## EXERCISE AIM
For the entries below, copy exactly the line that contains "Scope of delivery: 1" through the line that contains "材料与工艺的创新:该项目在材", both ends included, and exclude all pictures.

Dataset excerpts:
■ ■ ■ ■ ■

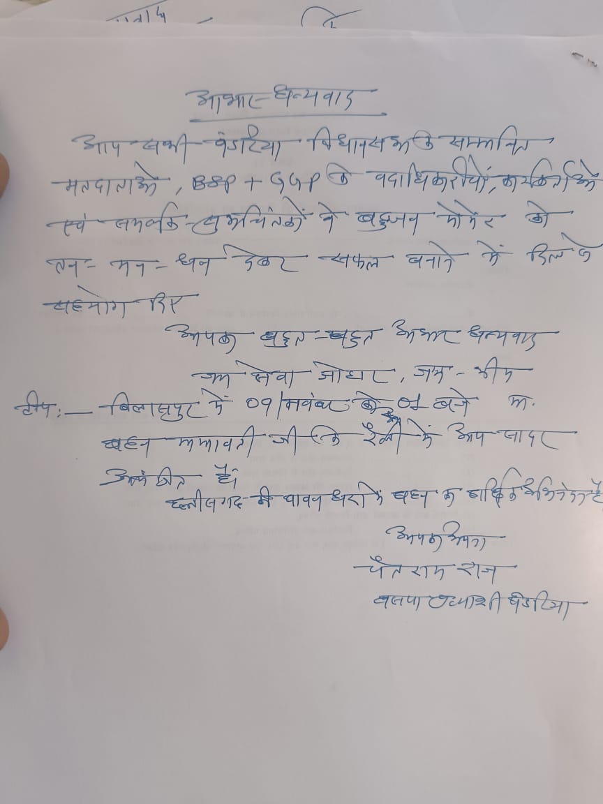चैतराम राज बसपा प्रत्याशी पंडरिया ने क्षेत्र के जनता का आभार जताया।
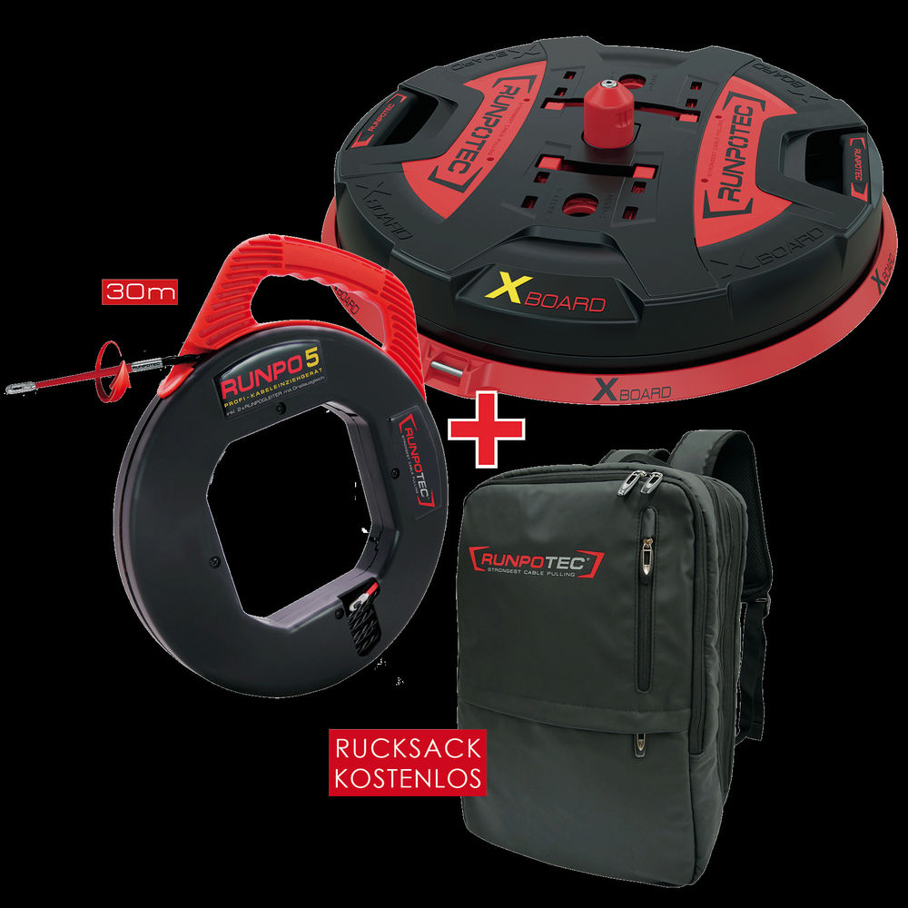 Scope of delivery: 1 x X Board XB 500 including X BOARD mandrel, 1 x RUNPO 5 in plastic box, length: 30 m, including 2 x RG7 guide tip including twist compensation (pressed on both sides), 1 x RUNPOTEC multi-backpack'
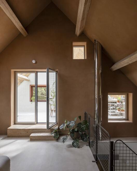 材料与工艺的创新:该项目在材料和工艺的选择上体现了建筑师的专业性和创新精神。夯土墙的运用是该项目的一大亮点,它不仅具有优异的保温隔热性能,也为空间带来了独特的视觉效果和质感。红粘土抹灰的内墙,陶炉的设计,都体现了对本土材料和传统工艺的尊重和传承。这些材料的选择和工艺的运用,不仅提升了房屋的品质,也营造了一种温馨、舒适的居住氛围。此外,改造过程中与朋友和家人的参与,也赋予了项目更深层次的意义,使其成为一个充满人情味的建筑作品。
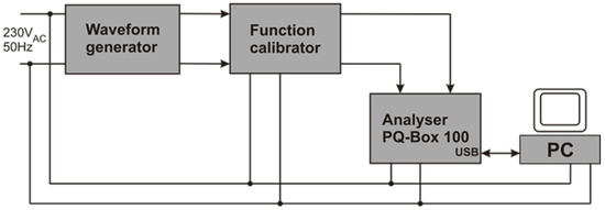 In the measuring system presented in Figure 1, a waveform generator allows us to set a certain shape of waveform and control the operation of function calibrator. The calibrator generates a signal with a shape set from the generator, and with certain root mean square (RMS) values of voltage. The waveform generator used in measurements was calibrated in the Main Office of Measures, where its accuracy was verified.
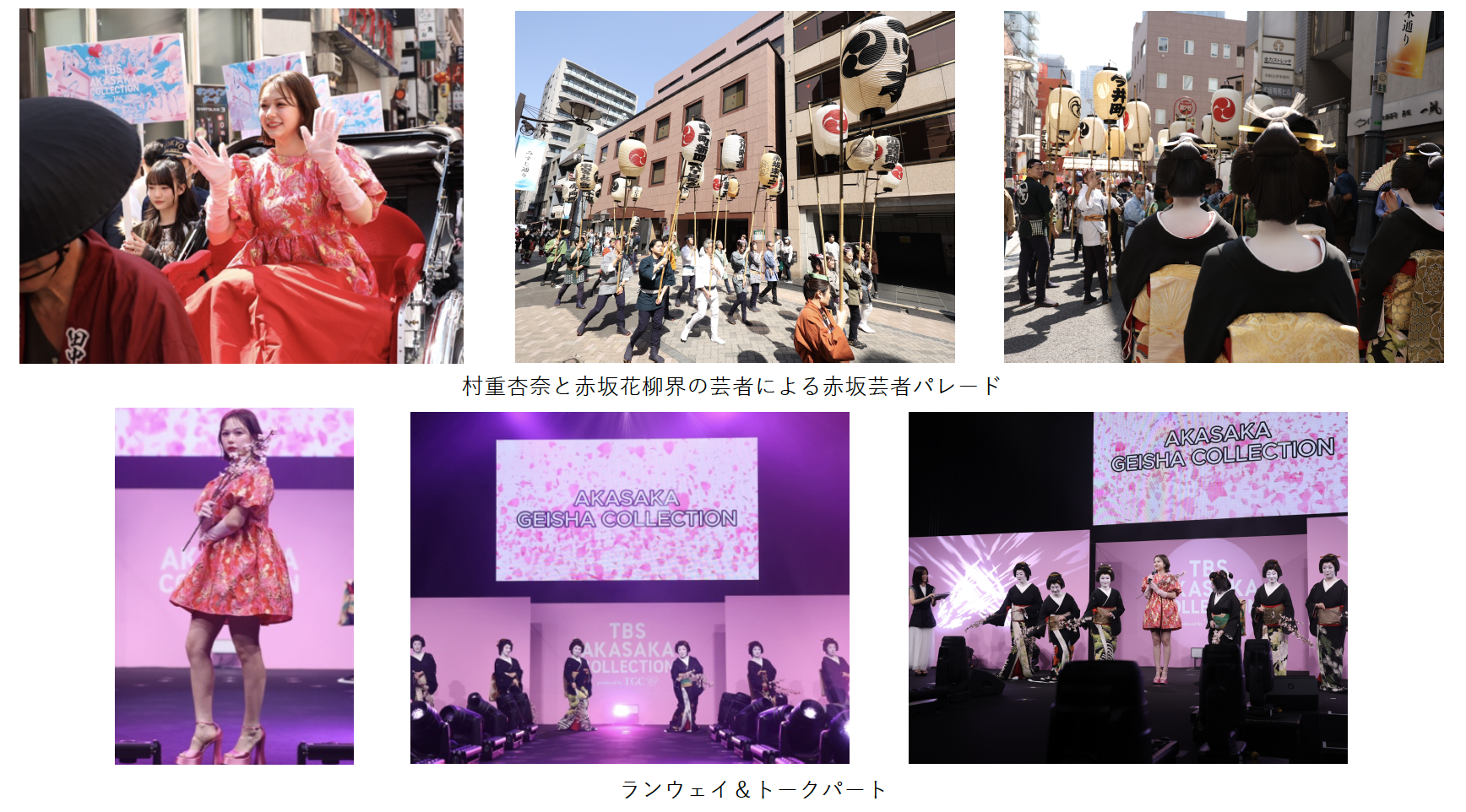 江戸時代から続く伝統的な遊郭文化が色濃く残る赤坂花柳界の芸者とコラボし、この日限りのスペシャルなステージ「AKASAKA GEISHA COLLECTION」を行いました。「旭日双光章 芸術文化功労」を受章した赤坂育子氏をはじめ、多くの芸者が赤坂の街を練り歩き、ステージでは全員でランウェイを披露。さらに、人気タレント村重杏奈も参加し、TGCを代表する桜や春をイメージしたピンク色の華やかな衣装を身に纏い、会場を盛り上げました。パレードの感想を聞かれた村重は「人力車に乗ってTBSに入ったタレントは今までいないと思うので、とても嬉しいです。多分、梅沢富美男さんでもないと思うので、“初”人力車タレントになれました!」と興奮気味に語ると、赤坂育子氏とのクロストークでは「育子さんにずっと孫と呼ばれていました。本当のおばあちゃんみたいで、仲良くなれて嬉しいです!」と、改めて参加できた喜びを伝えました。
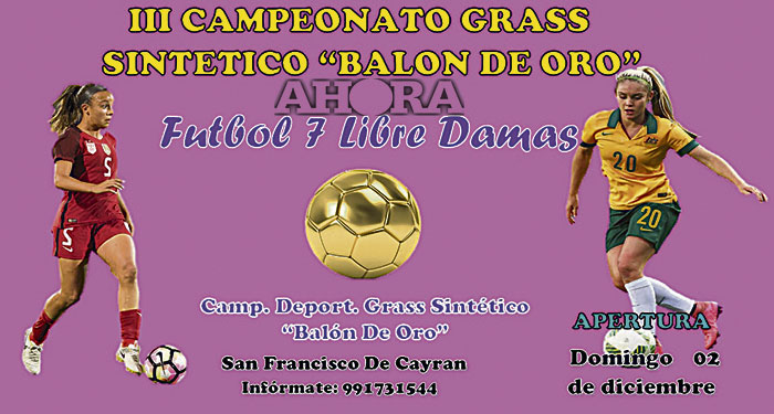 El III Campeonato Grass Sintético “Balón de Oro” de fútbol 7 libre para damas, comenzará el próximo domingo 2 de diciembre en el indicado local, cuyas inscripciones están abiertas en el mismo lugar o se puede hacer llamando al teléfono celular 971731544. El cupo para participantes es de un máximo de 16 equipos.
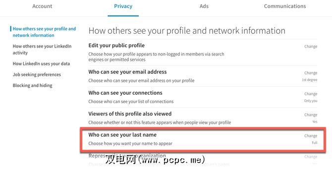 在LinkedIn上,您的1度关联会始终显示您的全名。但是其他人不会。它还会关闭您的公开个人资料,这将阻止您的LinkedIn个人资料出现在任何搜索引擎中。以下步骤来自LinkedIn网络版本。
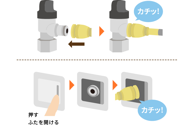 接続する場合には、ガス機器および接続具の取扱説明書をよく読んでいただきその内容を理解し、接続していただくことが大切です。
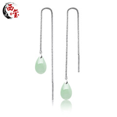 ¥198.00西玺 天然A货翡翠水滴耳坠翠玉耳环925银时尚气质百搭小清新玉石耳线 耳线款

■ ■ ■ ■ ■

## FINISHED EXERCISE
 Scope of delivery: 1 x X Board XB 500 including X BOARD mandrel, 1 x RUNPO 5 in plastic box, length: 30 m, including 2 x RG7 guide tip including twist compensation (pressed on both sides), 1 x RUNPOTEC multi-backpack'
 材料与工艺的创新:该项目在材料和工艺的选择上体现了建筑师的专业性和创新精神。夯土墙的运用是该项目的一大亮点,它不仅具有优异的保温隔热性能,也为空间带来了独特的视觉效果和质感。红粘土抹灰的内墙,陶炉的设计,都体现了对本土材料和传统工艺的尊重和传承。这些材料的选择和工艺的运用,不仅提升了房屋的品质,也营造了一种温馨、舒适的居住氛围。此外,改造过程中与朋友和家人的参与,也赋予了项目更深层次的意义,使其成为一个充满人情味的建筑作品。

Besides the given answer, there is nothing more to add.